One of the things I tried to tease apart in the survey we conducted was what separates a spiritually healthy minister from those who do not report as healthy of a relationship with God? In order to determine this, I took those who endorsed being “Very Satisfied” with their relationship with God and compared them statistically against everyone else. What bubbled to the top in a way that showed these two groups statistically different?

11% of Church of Christ ministers in the survey said they are “Very Satisfied” with their relationship with God. When you compare those 11% with the other 89% here are the differences that crop up that are statistically significant on the .05 level (which means we have a 95% confidence that these statistical differences are meaningful/actual differences and 5% that it is due to random chance).

Physical health: Ministers who endorsed being “Very Satisfied” with their relationship with God were less satisfied than the rest on their physical health. They also spent less time exercising! Let’s not make that a prescription for a deeper spirituality by any means. I would like to dive deeper into that in a future study.

Ministry/Study: These ministers spent more time studying for lesson prep than everyone else and more time in personal study. They also reported significantly better relationships with their elders than everyone else on average.

Last, these people were more hopeful about the future on average than the rest of the sample.

What does this tell us? Does this tell us healthy ministers are connected with healthy elders? It at least tells us healthy ministers have a healthy view of their elders. It also tells us the value of personal study as well as lesson prep on one’s own deeper spiritual life and walk with God as those who studied longer reported more satisfaction with their relationship with God. The health piece surprised me and I am still trying to wrap my mind around it. Based on the data collected there isn’t much that can be teased out of that but we can look more deeply into that in the future to see what is going on.

Last, often what is overlooked in studies like these are the things that did not have an effect but often that information is just as interesting. It is interesting that there were no differences in those who report being “Very satisfied” with their relationship with God and everyone else in their marriages, parenting, relationship with staff, mental health, etc.

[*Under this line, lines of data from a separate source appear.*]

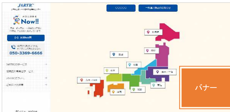
※関連する画面(地域選択)
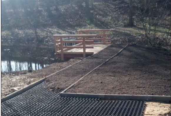
Beispiel Fischteich, St. Michaelisdonn

Zustand von „noch ausreichend“ mit Hilfsmitteln begeh- oder befahrbar, der direkte Zugang zur Plattform ein unebener, aufgeweichter Boden mit erheblicher Querneigung. Sehr gute Erfahrungen haben wir für die Herstellung einer befriedigenden Zuwegung im naturnahen Bereich mit Paddockplatten ohne Unterbau, die bodenschonend verlegt und ohne Versiegelung von Flächen auskommt.
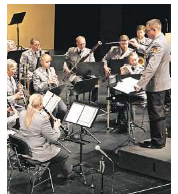
Bietet ein abwechslungsreichen Programm: Das Heeresmusikkorps Hannover.
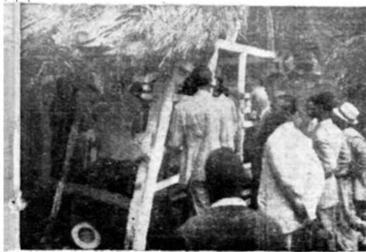
Una choza escuela en Haití.

(De la revista francesa "Presence Africaine", No 1, noviembre-diciembre 1947.)
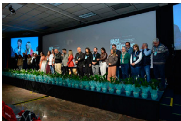
Conselheiros da APECOM e suas respectivas esposas
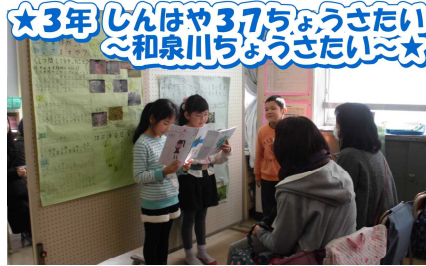
★3年 しんはや37ちようさい ~和泉川ちようさい~★
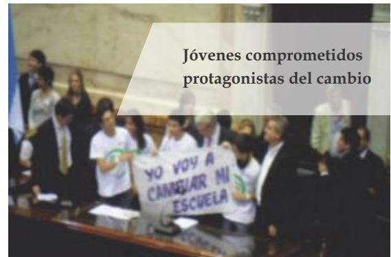
Jóvenes comprometidos protagonistas del cambio

“Declaración Nacional del Parlamento Juvenil Mercosur” sobre qué escuela secundaria quieren.
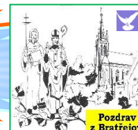
Pozdrav z Bratřejova

Každý, kdo pije tuto vodu, bude opět žíznit. Kdo se však napije vody, kterou mu dám já, nebude žíznit navěky, a stane se v něm pramenem vody tryskající do věčného života -
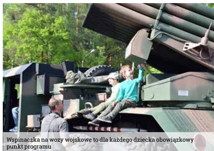
Wspinaczka na wozy wojskowe to dla każdego dziecka obowiązkowy punkt programu
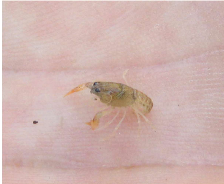
Slika 4. Tek izvaljena jedinka potočnog raka (Maguire, 2010)

manje kvalitete austrijskih staništa i smetnji u okolišu, odnosno pojačanog antropogenog pritiska na njihova staništa. Autori predlažu pojačane mjere zaštite potočnoga raka na području Austrije kako bi populacije bile izložene što manjem stresu. Hrvatske populacije većeg reprodukcijskog potencijala žive na manje poremećenim staništima, stoga se moraju poduzeti mjere zaštite koje će ih zadržati na stabilnoj razini (Maguire i sur., 2010).
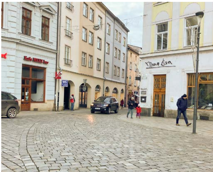
Mírek Žbánek primátor

Další černá skládka na Družební ulici. Nebylo by lepší zrušit tyto kontejnery, které jsou zneužívány?
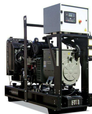
Модель открытого исполнения
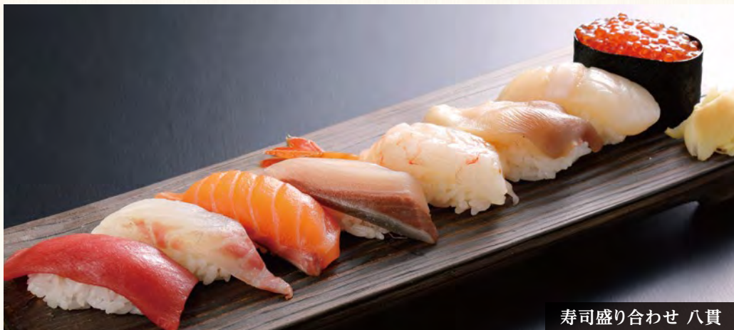
寿司盛り合わせ 八貫
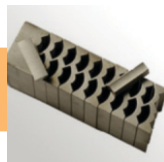
Fabricación de imanes
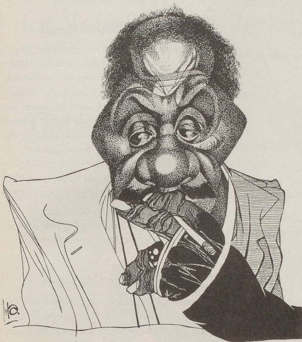
Jamelão, ein Musiker (Illustration für die Zeitschrift Pasquim )
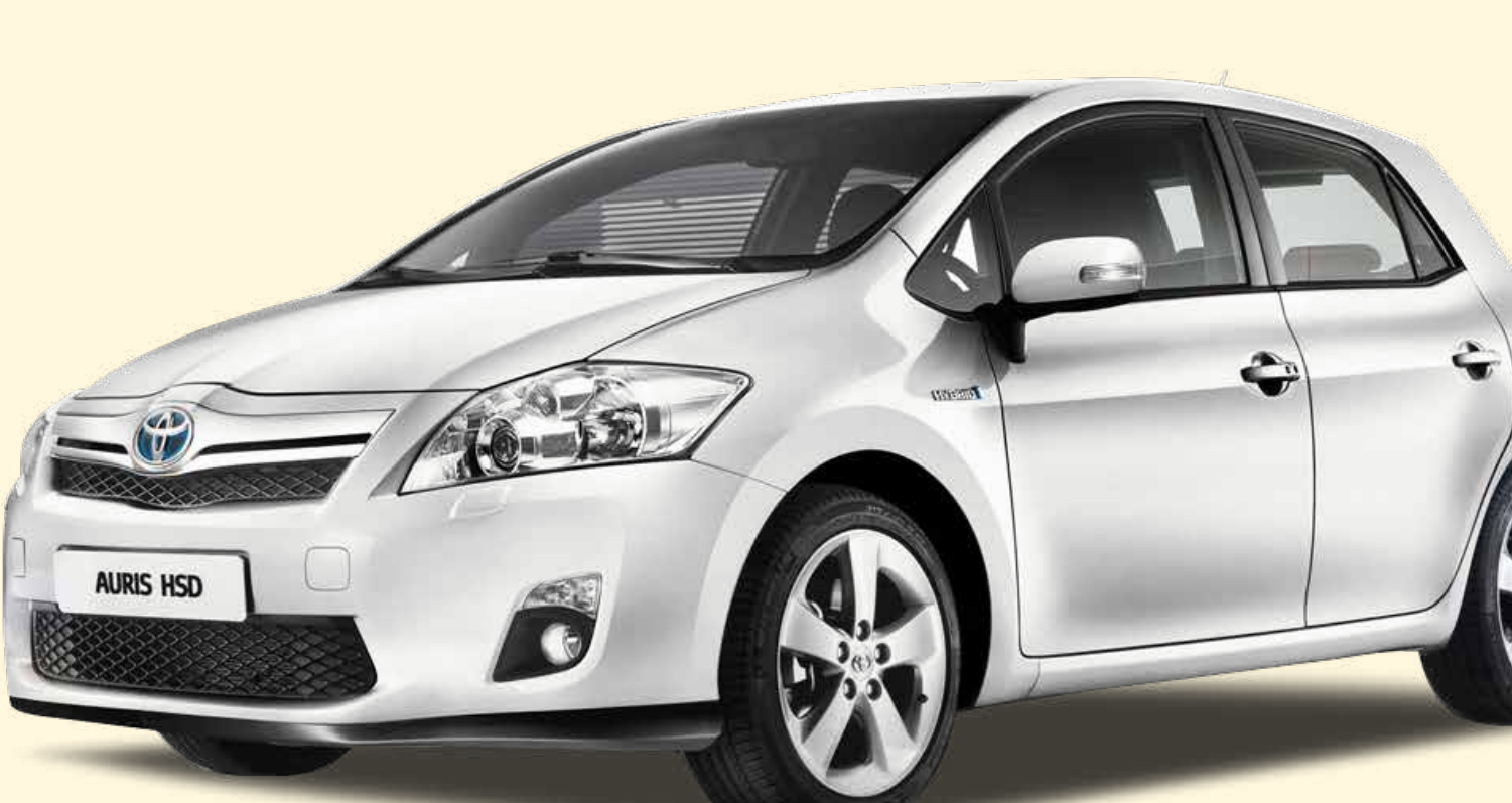
De Auris hybride komt op de markt

Een op de vier verkochte Toyota's is een hybridemodel
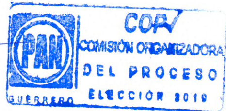
C. Sulpicio Mosso Tacuba Presidente de la COP En Guerrero.
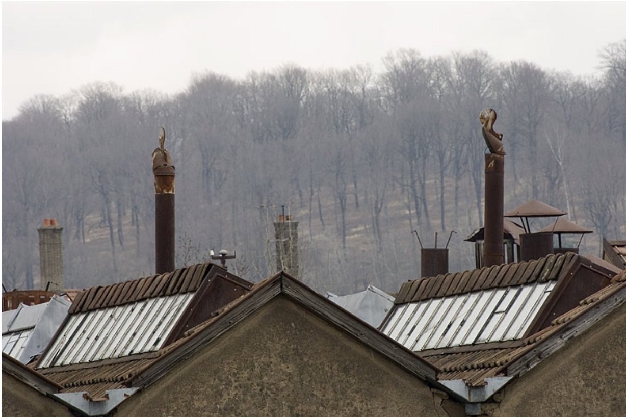
Détail des toitures et des cheminées métalliques.
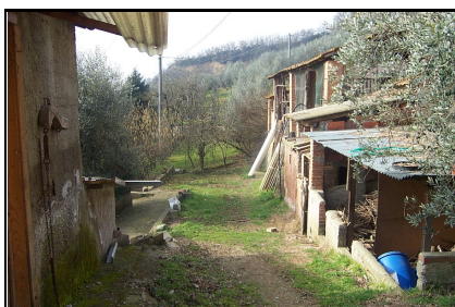
Foto: 07 Data ripresa: 06/02/2006 Edificio: 145/D File: 145-07.JPG
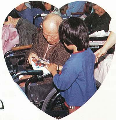
◎おじいちゃん いつまでもお元気でネ

園児たちは、おゆうぎ会のために練習を積んだ「おじいちゃん、おばあちゃん」などの歌3曲と、「宮殿のおどり」などおどり4曲を披露し、自分たちで作った花かごと、折り紙で作った首かざりや「みなさんお元気で」などと書いた手紙を入れたおみやげ袋約70個を配りました。おじいちゃん、おばあちゃんたちは、かわいい園児たちのプレ

I am curious to hear your thoughts on this information. I would also like to know areas you believe would be important to assess in the future.

2 Responses

  1. Support networks/relationships are very important. Now, concerning relationships between members and members, and members and staff — congregations should be placing as priorities:

    1) Support cohorts (whether implemented as house churches, google plus hangouts, facebook private groups, etc.) Jesus cast out demons with a word — but he sent out disciples 2 by 2. The flesh is weak.

    2) Intentional mentoring networks.

    3) An understanding of the need for “Christian” angel funding / venture / private equity — with the underlying commandment of “lending without expecting to receive it back”. Nashville has made great strides to develop an entrepreneurial culture but it lacks a funding community — too many churches, not enough “angels”.

    Rather than being countercultural in a good (Jesus-like) way, we have allowed fear, insecurity to enthrone debt, mammon, insurances, etc. to become idols in a culture where admitting this is shunned (because it would weaken the structures which profit from them).

    Tangential: ACU’s Ministerial Salary Survey
    http://www.acu.edu/siburt-institute-for-church-ministry/resources/salary-survey.html

    1. Thank you Ed. I appreciate your ideas and also your candor. We need this level of transparency and openness in our dialog if we are to move ahead. We also need to share ideas as you have done. Much appreciated.